*** Exercise input ***

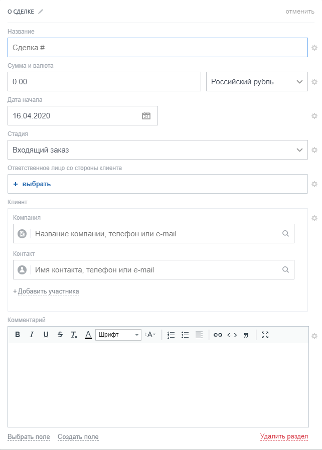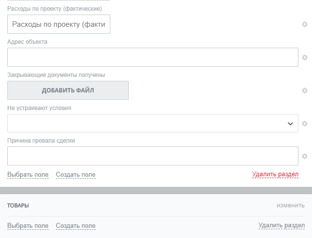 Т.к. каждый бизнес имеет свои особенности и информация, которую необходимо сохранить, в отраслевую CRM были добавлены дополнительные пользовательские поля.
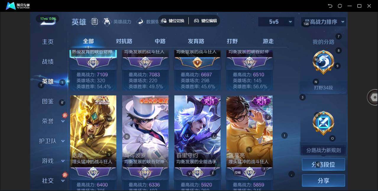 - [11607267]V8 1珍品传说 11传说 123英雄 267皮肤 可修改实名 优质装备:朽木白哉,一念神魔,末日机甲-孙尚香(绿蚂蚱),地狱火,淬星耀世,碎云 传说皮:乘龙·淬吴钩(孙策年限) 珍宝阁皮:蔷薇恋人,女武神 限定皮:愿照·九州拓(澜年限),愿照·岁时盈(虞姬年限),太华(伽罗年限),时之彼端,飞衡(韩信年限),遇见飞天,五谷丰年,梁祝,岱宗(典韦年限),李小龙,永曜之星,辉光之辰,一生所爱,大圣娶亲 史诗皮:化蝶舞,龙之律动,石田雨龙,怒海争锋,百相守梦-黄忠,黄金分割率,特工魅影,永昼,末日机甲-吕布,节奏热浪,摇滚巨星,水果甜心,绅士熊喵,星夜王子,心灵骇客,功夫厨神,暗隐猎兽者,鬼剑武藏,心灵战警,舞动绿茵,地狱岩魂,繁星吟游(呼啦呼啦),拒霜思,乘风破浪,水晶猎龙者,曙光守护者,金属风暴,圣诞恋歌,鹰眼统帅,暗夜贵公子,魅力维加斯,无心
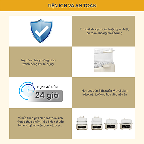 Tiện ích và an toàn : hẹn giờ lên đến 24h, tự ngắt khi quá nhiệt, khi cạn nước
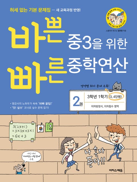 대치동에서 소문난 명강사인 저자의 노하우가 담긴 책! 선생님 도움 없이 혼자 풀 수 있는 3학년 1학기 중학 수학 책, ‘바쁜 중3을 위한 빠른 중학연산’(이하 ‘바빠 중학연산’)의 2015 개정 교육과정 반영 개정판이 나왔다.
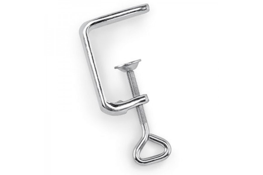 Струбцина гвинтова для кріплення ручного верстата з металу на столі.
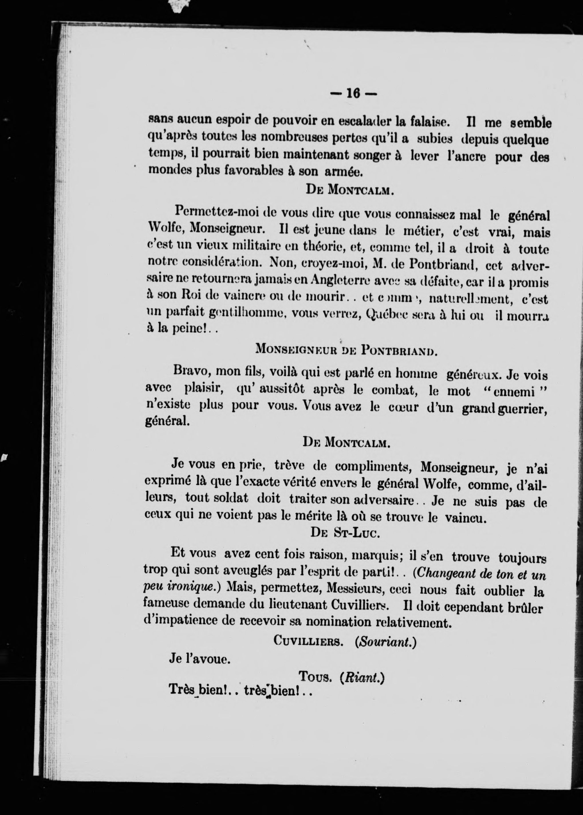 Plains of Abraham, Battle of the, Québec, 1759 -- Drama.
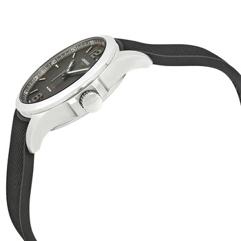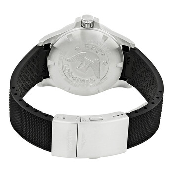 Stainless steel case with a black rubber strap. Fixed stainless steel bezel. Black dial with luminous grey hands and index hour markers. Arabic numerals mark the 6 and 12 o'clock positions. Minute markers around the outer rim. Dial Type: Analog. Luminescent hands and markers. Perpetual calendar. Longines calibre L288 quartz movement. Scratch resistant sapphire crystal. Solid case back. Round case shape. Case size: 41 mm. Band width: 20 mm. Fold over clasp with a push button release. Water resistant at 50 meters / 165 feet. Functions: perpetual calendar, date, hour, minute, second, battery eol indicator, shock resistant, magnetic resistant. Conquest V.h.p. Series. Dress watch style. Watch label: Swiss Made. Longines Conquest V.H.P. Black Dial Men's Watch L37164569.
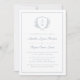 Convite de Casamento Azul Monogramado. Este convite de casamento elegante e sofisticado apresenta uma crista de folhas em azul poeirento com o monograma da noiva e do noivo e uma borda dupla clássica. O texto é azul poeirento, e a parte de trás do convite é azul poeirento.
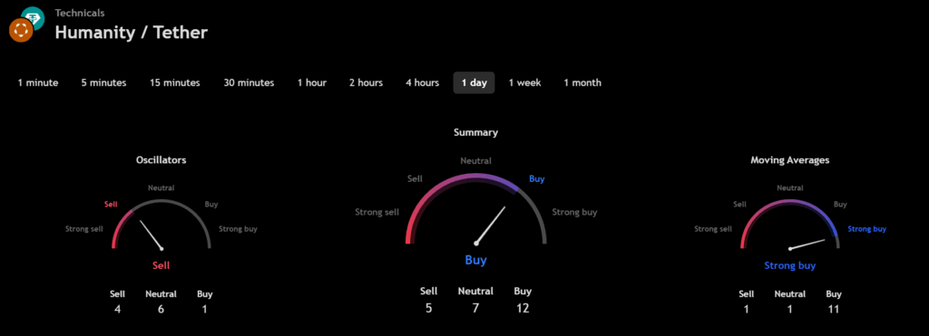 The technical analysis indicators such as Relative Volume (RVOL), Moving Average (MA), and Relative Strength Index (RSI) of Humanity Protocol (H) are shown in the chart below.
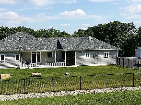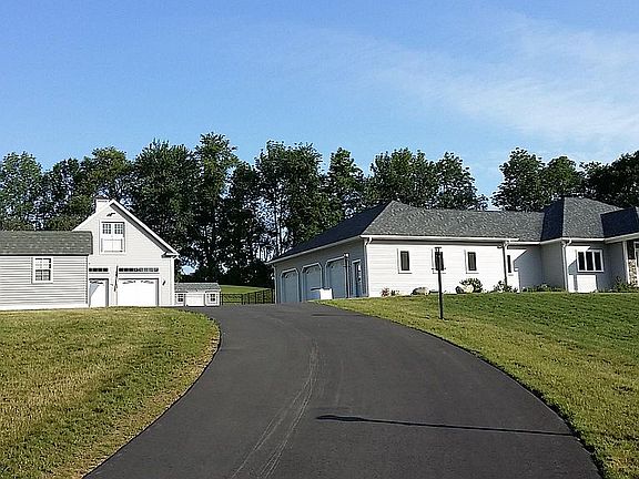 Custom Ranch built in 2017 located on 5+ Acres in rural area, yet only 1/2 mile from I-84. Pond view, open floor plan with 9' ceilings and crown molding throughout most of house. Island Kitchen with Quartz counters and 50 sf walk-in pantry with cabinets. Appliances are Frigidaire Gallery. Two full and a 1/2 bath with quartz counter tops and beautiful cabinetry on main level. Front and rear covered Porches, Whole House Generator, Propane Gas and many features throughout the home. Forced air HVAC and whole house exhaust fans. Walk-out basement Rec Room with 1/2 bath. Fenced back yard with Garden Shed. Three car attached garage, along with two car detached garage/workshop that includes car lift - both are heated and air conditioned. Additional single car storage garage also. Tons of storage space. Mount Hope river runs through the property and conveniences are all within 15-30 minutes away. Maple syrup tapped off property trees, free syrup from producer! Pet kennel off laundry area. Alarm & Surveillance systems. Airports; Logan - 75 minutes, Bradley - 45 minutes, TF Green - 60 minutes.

*** End of Exercise input ***

**Directions**. Lines from the one above containing "Plains of Abraham, Battle" down to the one containing "The technical analysis" should be transcribed exactly, with both ends kept and no pictures.

**Output of the task**.
 Plains of Abraham, Battle of the, Québec, 1759 -- Drama.
 Stainless steel case with a black rubber strap. Fixed stainless steel bezel. Black dial with luminous grey hands and index hour markers. Arabic numerals mark the 6 and 12 o'clock positions. Minute markers around the outer rim. Dial Type: Analog. Luminescent hands and markers. Perpetual calendar. Longines calibre L288 quartz movement. Scratch resistant sapphire crystal. Solid case back. Round case shape. Case size: 41 mm. Band width: 20 mm. Fold over clasp with a push button release. Water resistant at 50 meters / 165 feet. Functions: perpetual calendar, date, hour, minute, second, battery eol indicator, shock resistant, magnetic resistant. Conquest V.h.p. Series. Dress watch style. Watch label: Swiss Made. Longines Conquest V.H.P. Black Dial Men's Watch L37164569.
 Convite de Casamento Azul Monogramado. Este convite de casamento elegante e sofisticado apresenta uma crista de folhas em azul poeirento com o monograma da noiva e do noivo e uma borda dupla clássica. O texto é azul poeirento, e a parte de trás do convite é azul poeirento.
 The technical analysis indicators such as Relative Volume (RVOL), Moving Average (MA), and Relative Strength Index (RSI) of Humanity Protocol (H) are shown in the chart below.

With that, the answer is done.